Problem requirements → Copy the data exactly as it appears, and do not include any pictures.

==== Dataset records

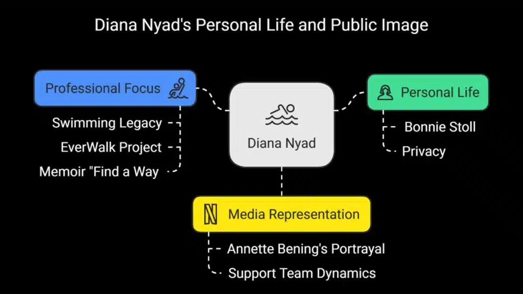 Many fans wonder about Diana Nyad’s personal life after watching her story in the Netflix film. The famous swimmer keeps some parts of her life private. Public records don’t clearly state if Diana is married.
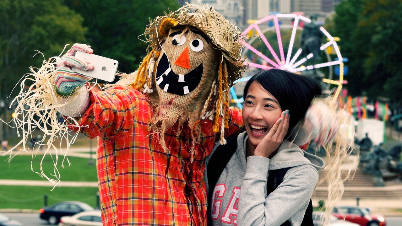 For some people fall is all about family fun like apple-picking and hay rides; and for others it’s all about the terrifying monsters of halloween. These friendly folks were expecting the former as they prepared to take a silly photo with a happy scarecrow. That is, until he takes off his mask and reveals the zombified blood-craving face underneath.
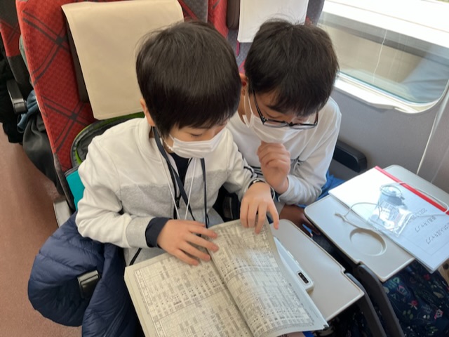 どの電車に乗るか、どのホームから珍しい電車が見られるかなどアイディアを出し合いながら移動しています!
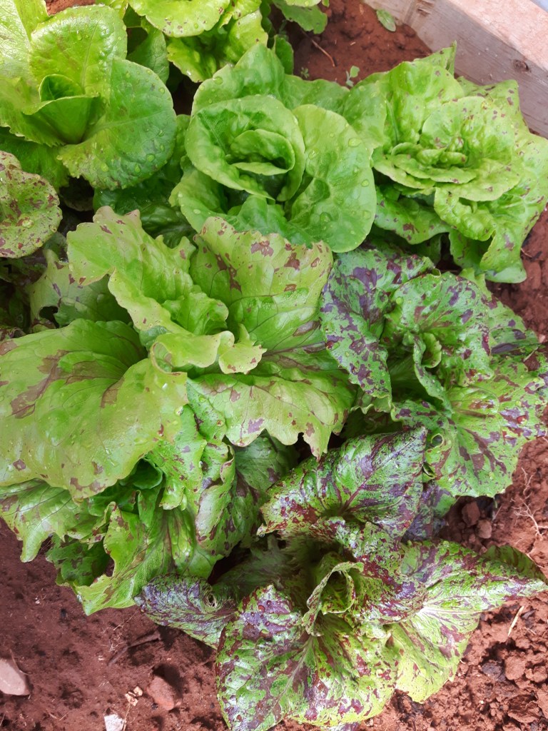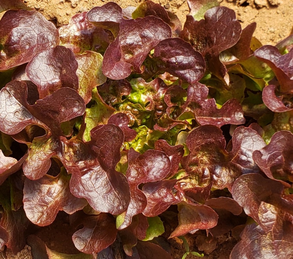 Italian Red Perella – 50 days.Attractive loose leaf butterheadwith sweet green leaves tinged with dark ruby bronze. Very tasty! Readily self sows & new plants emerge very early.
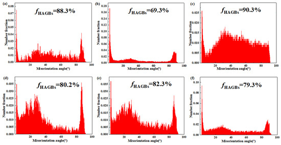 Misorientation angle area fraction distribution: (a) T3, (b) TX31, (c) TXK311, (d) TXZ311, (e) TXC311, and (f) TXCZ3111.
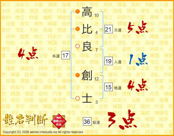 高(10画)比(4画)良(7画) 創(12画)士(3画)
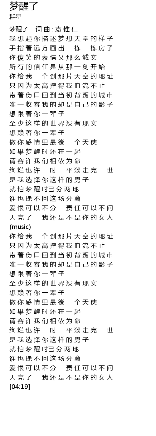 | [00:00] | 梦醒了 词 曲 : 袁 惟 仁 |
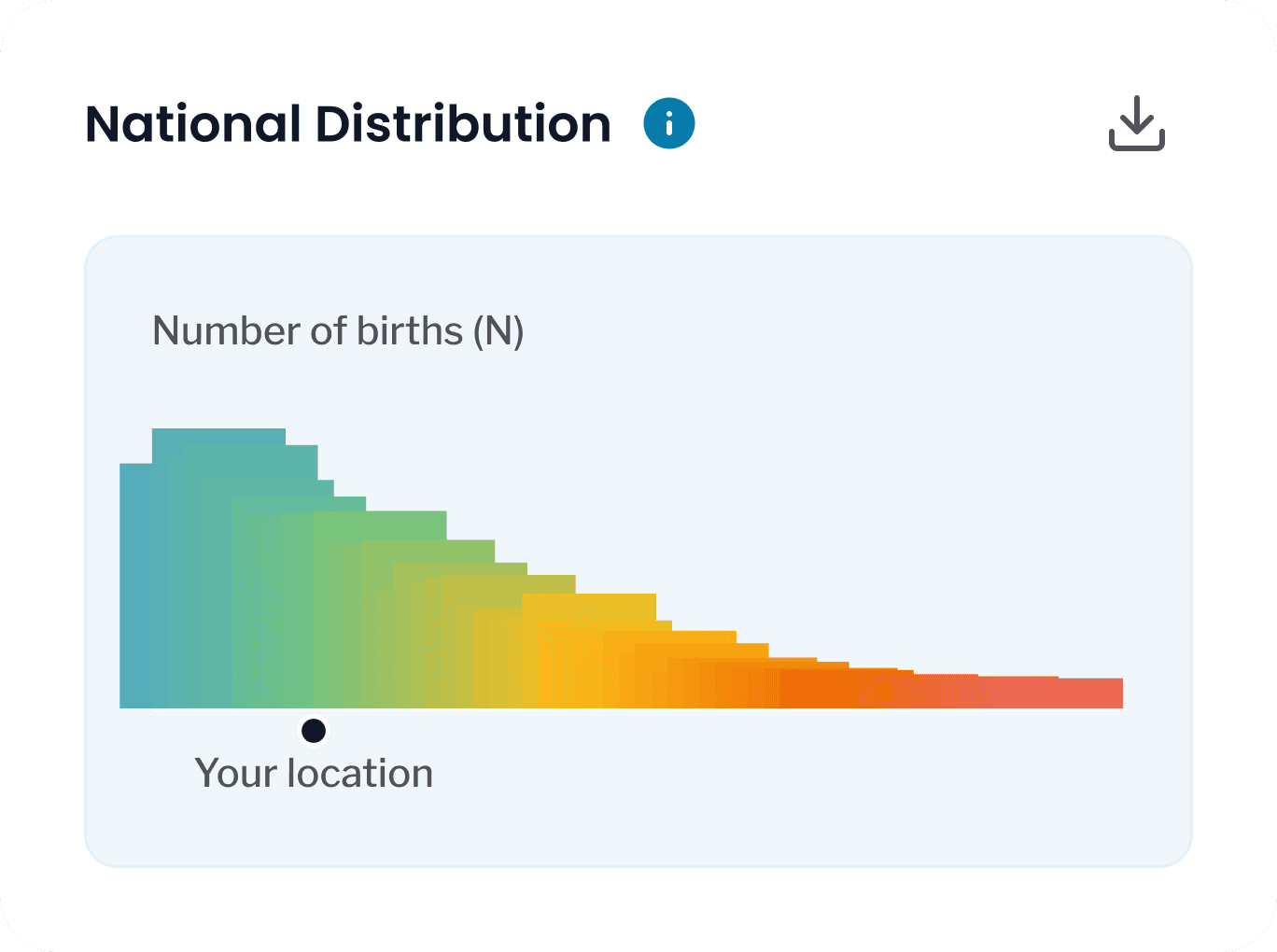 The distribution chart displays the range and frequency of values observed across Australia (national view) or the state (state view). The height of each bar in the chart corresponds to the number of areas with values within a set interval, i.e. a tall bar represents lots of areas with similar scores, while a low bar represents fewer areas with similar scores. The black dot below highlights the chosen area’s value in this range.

========

Answer to this problem →
 Many fans wonder about Diana Nyad’s personal life after watching her story in the Netflix film. The famous swimmer keeps some parts of her life private. Public records don’t clearly state if Diana is married.
 For some people fall is all about family fun like apple-picking and hay rides; and for others it’s all about the terrifying monsters of halloween. These friendly folks were expecting the former as they prepared to take a silly photo with a happy scarecrow. That is, until he takes off his mask and reveals the zombified blood-craving face underneath.
 どの電車に乗るか、どのホームから珍しい電車が見られるかなどアイディアを出し合いながら移動しています!
 Italian Red Perella – 50 days.Attractive loose leaf butterheadwith sweet green leaves tinged with dark ruby bronze. Very tasty! Readily self sows & new plants emerge very early.
 Misorientation angle area fraction distribution: (a) T3, (b) TX31, (c) TXK311, (d) TXZ311, (e) TXC311, and (f) TXCZ3111.
 高(10画)比(4画)良(7画) 創(12画)士(3画)
 | [00:00] | 梦醒了 词 曲 : 袁 惟 仁 |
 The distribution chart displays the range and frequency of values observed across Australia (national view) or the state (state view). The height of each bar in the chart corresponds to the number of areas with values within a set interval, i.e. a tall bar represents lots of areas with similar scores, while a low bar represents fewer areas with similar scores. The black dot below highlights the chosen area’s value in this range.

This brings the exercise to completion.